DECaDE Research Recognised at CVPR 2026 with Compute Transparency Award

Researchers from DECaDE, part of the Centre for Vision, Speech and Signal Processing (CVSSP) at the University of Surrey, received international recognition at the IEEE/CVF Conference on Computer Vision and Pattern Recognition (CVPR) 2026 when their paper, TokenTrace, was awarded the CVPR Compute Transparency Champion Award.

Held from 3–7 June 2026 at the Colorado Convention Centre in Denver, Colorado, USA, CVPR is one of the world’s leading conferences in computer vision and artificial intelligence. The award recognises research that demonstrates strong transparency in reporting computational costs while maintaining efficient use of resources.

TokenTrace, developed through a collaboration between DECaDE researchers and Adobe Research, explores how multiple creative influences within AI-generated images can be traced and attributed.

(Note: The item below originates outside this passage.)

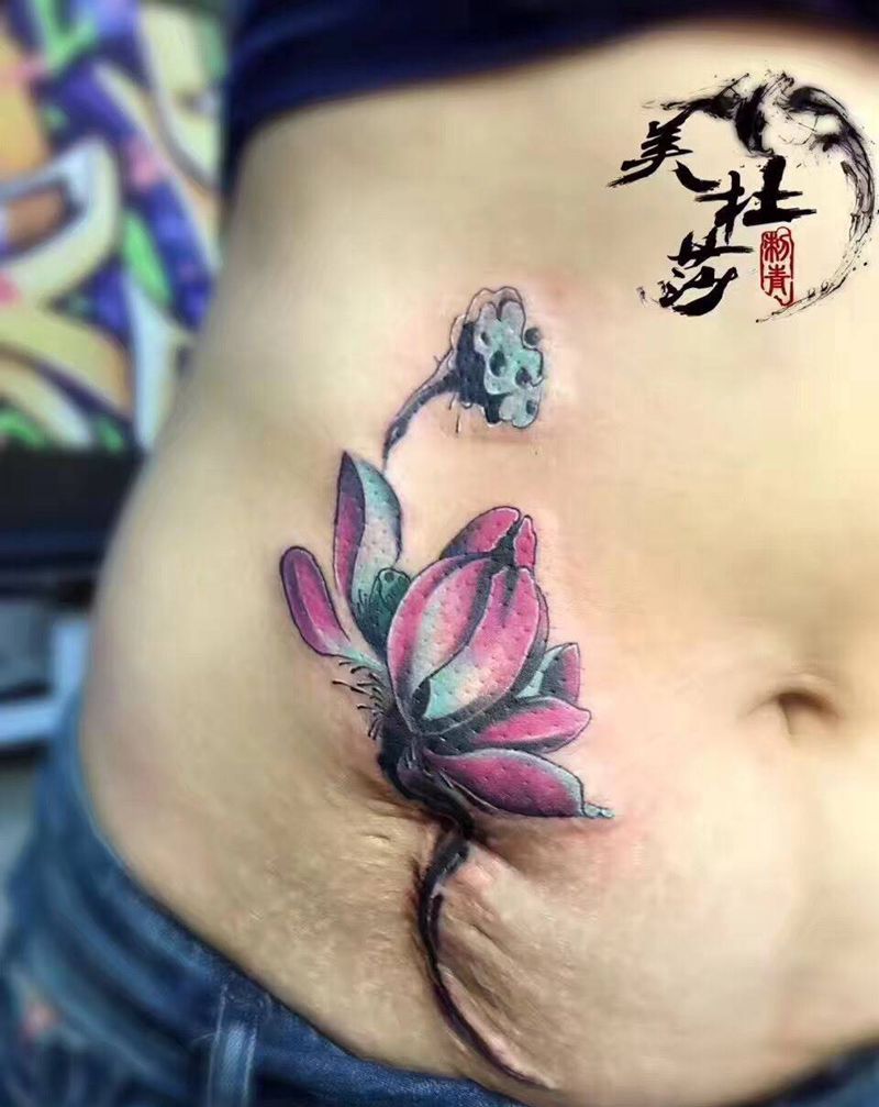 当前位置: 首页 >甘肃省兰州市纹身店-兰州美杜莎刺青纹身图案>疤痕莲花遮盖。纹身图片_成品腹部传统植物纹身图案

The work addresses growing challenges around transparency, attribution and accountability in generative AI systems.

Alongside the award-winning research, DECaDE played an active role in shaping discussions around trust, provenance and attribution at CVPR 2026. Professor John Collomosse co-chaired the Authenticity and Provenance in the Age of Generative AI (APAI) workshop and delivered an invited keynote at the SPAR-3D: Security, Privacy, and Adversarial Robustness in 3D Generative Vision Models workshop entitled “Durable Media Provenance for Rights and Content Licensing.”

Professor John Collomosse presenting at CVPR 2026.

The keynote explored the infrastructure needed to support trust, attribution and rights management in AI-generated media, highlighting the growing importance of provenance technologies in enabling transparent content supply chains and responsible content licensing.

DECaDE researchers also presented PRISM, a decentralised and privacy-preserving infrastructure that enables creators to make content discoverable for licensing while retaining control over their assets. The research was led by DECaDE postgraduate researcher Kar Balan and was presented at the APAI workshop by Professor John Collomosse. PRISM addresses a key challenge for the creative economy by supporting permission-based content discovery and fairer compensation for content reuse.

Together, DECaDE’s contributions at CVPR 2026 demonstrate impact and commitment to developing technologies that support trustworthy content supply chains, creator rights and responsible innovation in the age of generative AI.